3. Instead of impeding growth, it would be great if the W3C did things to
foster growth, like declare one top-level name to be reserved, and then
establish a web app to reserve names within that folder. It would take a
weekend to write and deploy. I'll help.

They don't want to encourage what they (and many others) consider a bad practice (and always have, BTW; P3P was allowed to go ahead with a well-known location because no-one had a better answer, and there was a lot of pressure for us to finish).

So, they won't do it until a workable option is available. Considering that approaches that doesn't use a well-known location (e.g., Tim Bray's HTTP header or my OPTIONS * approach) will AFAIK require Web server configurations and perhaps software to change, I'm not too optimistic, but if the community makes enough noise about this, you never know what will be accomplished.


4.Further, only optional functionality should depend on these names, nothing
mission critical (as previous applications have done).

One person's optional is another's mission-critical. Also, it doesn't help for server-side load issues.


That's about all I want to say on this. I've noticed how much effort one has to put in to innovate here. This mail list is broken.
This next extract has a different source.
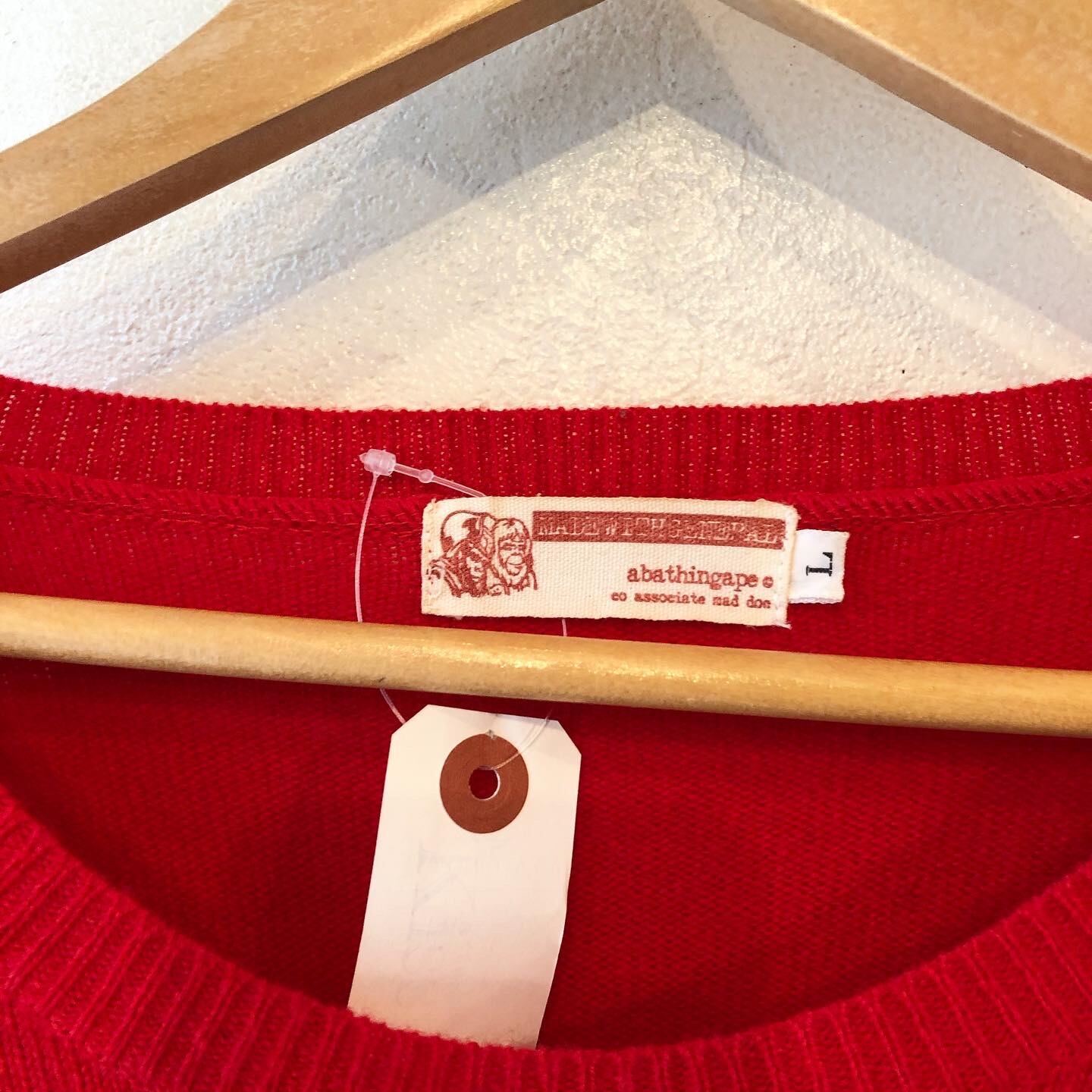 “A BATHING APE" Red wool design argyle sweater
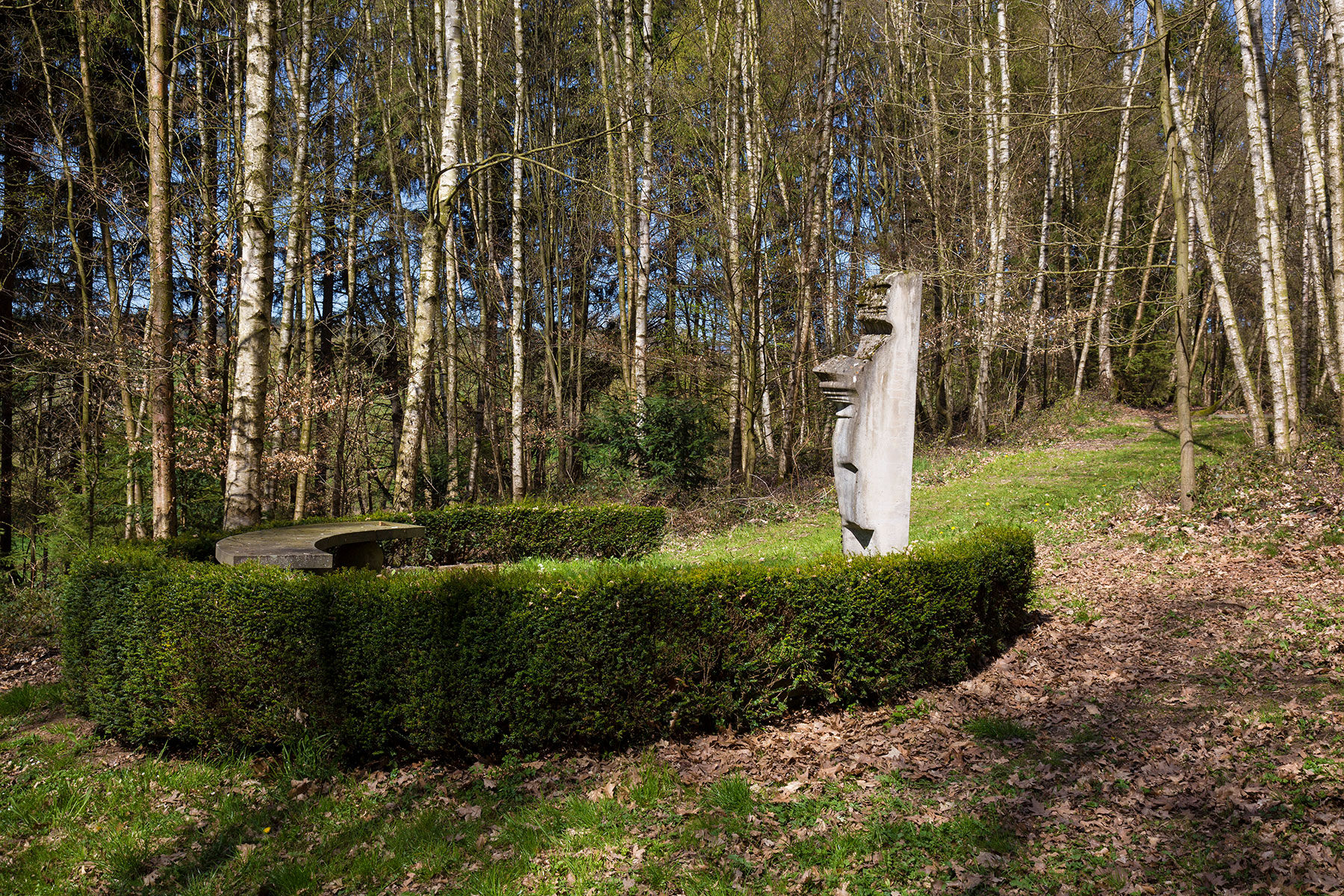 Am Rande der Laubwälder, die rechts und links die große Schneise säumen, stehen zwei figürliche Plastiken von Marin Kasimir. Beim Anstieg zum Mühlengraben rücken beide zum ersten Mal ins Blickfeld. Ihre strenge Pfeilerform erinnert an antike Hermen, Kultmale, die ursprünglich an Flurgrenzen, Wegkreuzungen oder Landstraßen aufgestellt wurden. Die einsehbare Seitenansicht der näherstehenden gibt eine schemenhafte Frauengestalt zu erkennen. Wenn der Besucher des ›Tal?s‹ nach zwei Dritteln seines Rundgangs das »Haus für August Sander« hinter sich läßt und an der Arbeit von Bogomir Ecker vorbei einen kleinen Pfad weitergeht, trifft er recht unvermittelt auf eine Art Plateau und steht plötzlich einer der beiden Skulpturen direkt gegenüber. Dem Ankommenden begegnet sie im Dreiviertelprofil und zeigt die Silhouette eines Mannes, der ein Buch in der Hand hält. Da die Gestalt allein durch ihre vordere Umrißlinie bezeichnet wird, wirkt die Abbildung wie ein graphischer Entwurf, der sie aus dem rückwärts geschlossenen Pfeiler herauslöst. Der Beton, aus dem die Arbeit gefertigt ist, erzeugt eine glatte hermetische Oberfläche. Entsprechend der nicht gestalteten Rückfront erwartet der Betrachter, daß nun eine frontal ausgerichtete Schauseite folgt, eine Hauptansicht, in der sich die fl ache Seitenansicht räumlich konkretisiert. Die Annahme, hier einer dargestellten Person gegenüberzutreten, erweist sich jedoch als voreilig. Das Relief, das sich aus den Konturlinien des Seitenaufrisses heraus entwickelt, gewinnt keinerlei rundplastische Form. Die Vorderansicht bleibt somit seltsam unbestimmt. Geht man weiter um die Statue herum, sorgt die zweite Seitenansicht für einen neuen Aspekt. Der Stein zeigt nun das Profil einer Frauenfigur.

Sorry, I forgot. ;->

I think it's working quite well; the purpose of this list is to foster discussion, and that's what's happening. Indeed, more ground has been covered here and on a few blogs than has in more formal settings in a much larger amount of time. OTOH, if you want people to accept what you want unquestioningly, I agree that you'll have problems on this list.

What if you said that you'd use the well-known location trick temporarily, until something better is standardised and widely available? Win-win.